Before copying, set the pictures aside; then repeat every line below verbatim.

__GIVEN MATERIAL__
"""
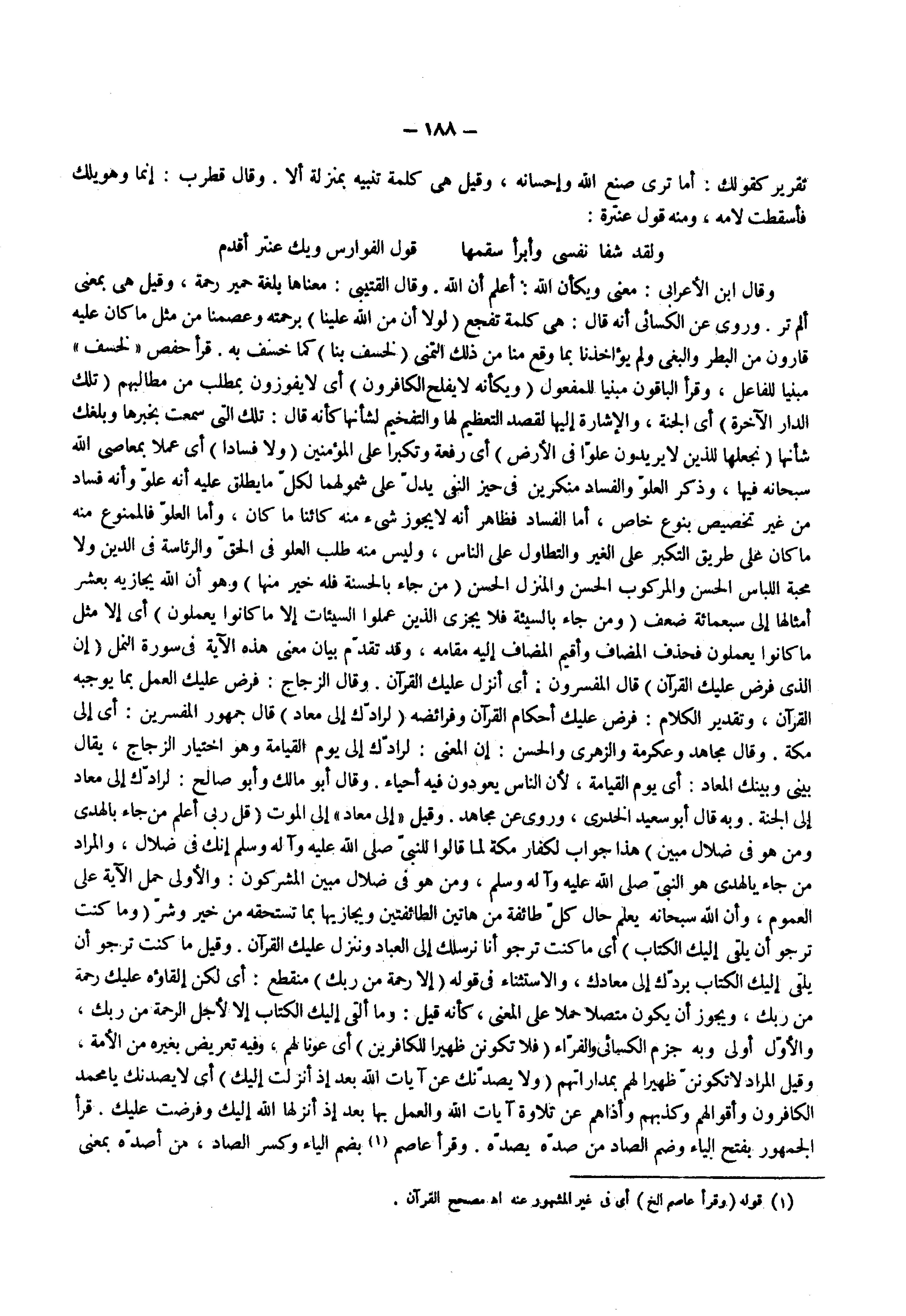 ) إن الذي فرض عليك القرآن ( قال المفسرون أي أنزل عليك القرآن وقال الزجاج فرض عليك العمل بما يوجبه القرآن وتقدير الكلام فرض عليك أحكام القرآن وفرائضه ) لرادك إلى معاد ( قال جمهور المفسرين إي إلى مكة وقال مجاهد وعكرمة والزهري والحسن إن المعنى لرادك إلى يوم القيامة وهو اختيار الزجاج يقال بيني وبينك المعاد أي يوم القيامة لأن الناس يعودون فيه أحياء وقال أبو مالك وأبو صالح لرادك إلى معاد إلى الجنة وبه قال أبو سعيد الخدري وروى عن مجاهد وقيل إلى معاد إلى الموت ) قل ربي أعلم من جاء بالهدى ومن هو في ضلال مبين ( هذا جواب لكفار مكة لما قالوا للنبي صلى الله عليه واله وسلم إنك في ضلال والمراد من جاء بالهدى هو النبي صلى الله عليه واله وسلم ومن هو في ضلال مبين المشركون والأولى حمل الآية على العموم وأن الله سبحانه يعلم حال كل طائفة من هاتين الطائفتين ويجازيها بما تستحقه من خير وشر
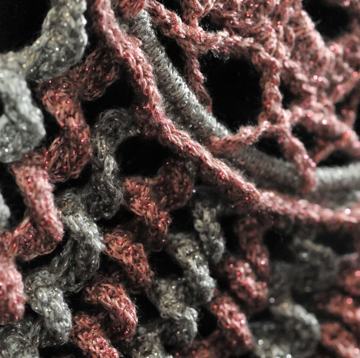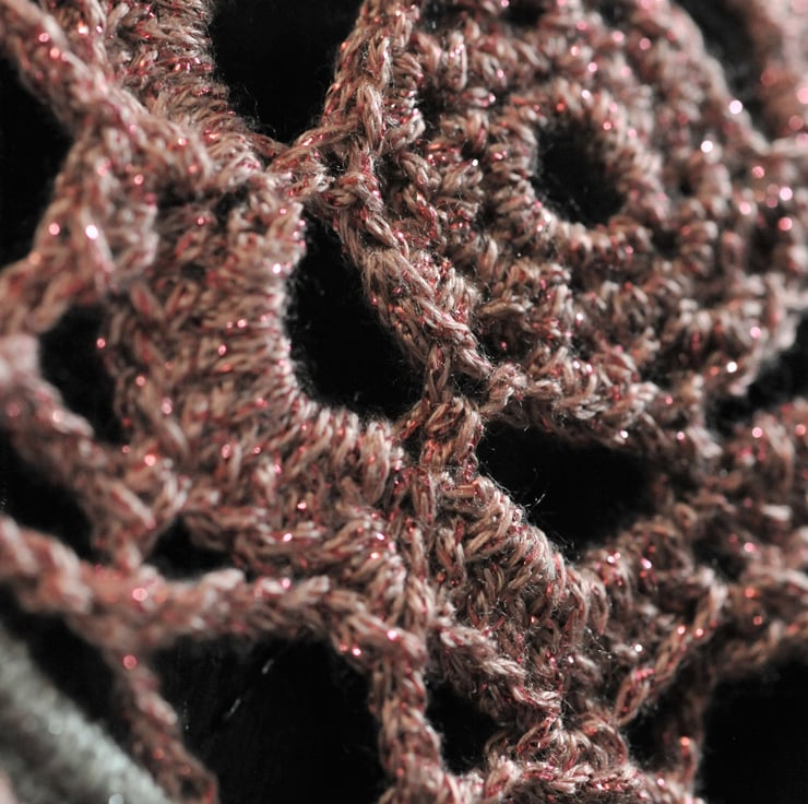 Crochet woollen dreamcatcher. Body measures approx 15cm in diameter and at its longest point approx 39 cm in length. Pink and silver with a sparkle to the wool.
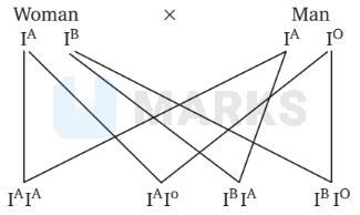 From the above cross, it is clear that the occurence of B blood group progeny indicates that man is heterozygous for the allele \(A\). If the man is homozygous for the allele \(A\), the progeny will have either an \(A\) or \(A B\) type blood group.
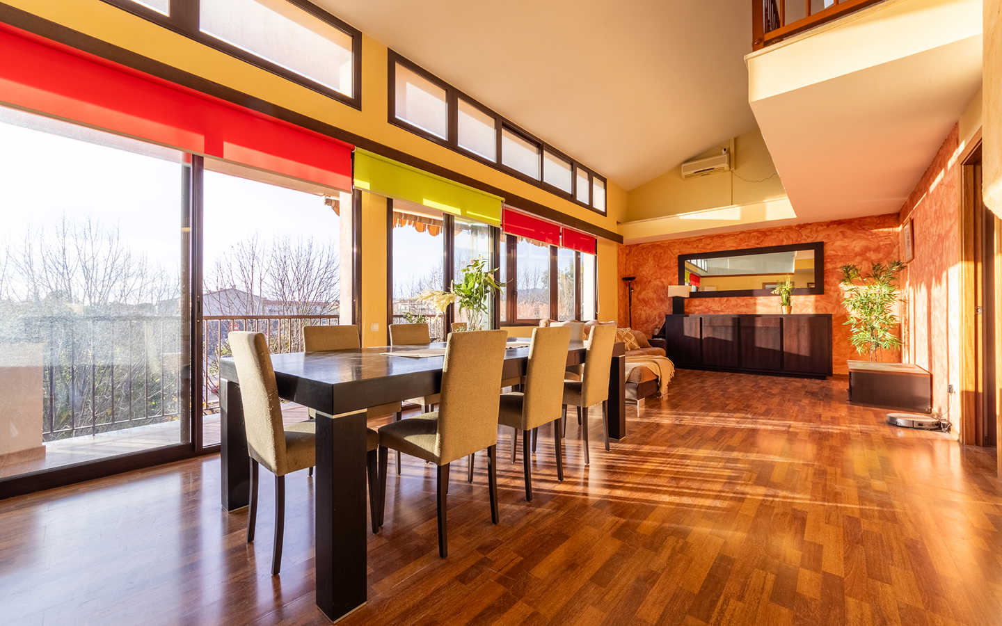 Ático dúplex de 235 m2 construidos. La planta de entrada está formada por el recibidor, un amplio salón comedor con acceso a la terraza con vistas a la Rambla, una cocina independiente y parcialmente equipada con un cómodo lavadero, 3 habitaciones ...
"""
__OUTPUT FOR THIS EXERCISE__
 ) إن الذي فرض عليك القرآن ( قال المفسرون أي أنزل عليك القرآن وقال الزجاج فرض عليك العمل بما يوجبه القرآن وتقدير الكلام فرض عليك أحكام القرآن وفرائضه ) لرادك إلى معاد ( قال جمهور المفسرين إي إلى مكة وقال مجاهد وعكرمة والزهري والحسن إن المعنى لرادك إلى يوم القيامة وهو اختيار الزجاج يقال بيني وبينك المعاد أي يوم القيامة لأن الناس يعودون فيه أحياء وقال أبو مالك وأبو صالح لرادك إلى معاد إلى الجنة وبه قال أبو سعيد الخدري وروى عن مجاهد وقيل إلى معاد إلى الموت ) قل ربي أعلم من جاء بالهدى ومن هو في ضلال مبين ( هذا جواب لكفار مكة لما قالوا للنبي صلى الله عليه واله وسلم إنك في ضلال والمراد من جاء بالهدى هو النبي صلى الله عليه واله وسلم ومن هو في ضلال مبين المشركون والأولى حمل الآية على العموم وأن الله سبحانه يعلم حال كل طائفة من هاتين الطائفتين ويجازيها بما تستحقه من خير وشر
 Crochet woollen dreamcatcher. Body measures approx 15cm in diameter and at its longest point approx 39 cm in length. Pink and silver with a sparkle to the wool.
 From the above cross, it is clear that the occurence of B blood group progeny indicates that man is heterozygous for the allele \(A\). If the man is homozygous for the allele \(A\), the progeny will have either an \(A\) or \(A B\) type blood group.
 Ático dúplex de 235 m2 construidos. La planta de entrada está formada por el recibidor, un amplio salón comedor con acceso a la terraza con vistas a la Rambla, una cocina independiente y parcialmente equipada con un cómodo lavadero, 3 habitaciones ...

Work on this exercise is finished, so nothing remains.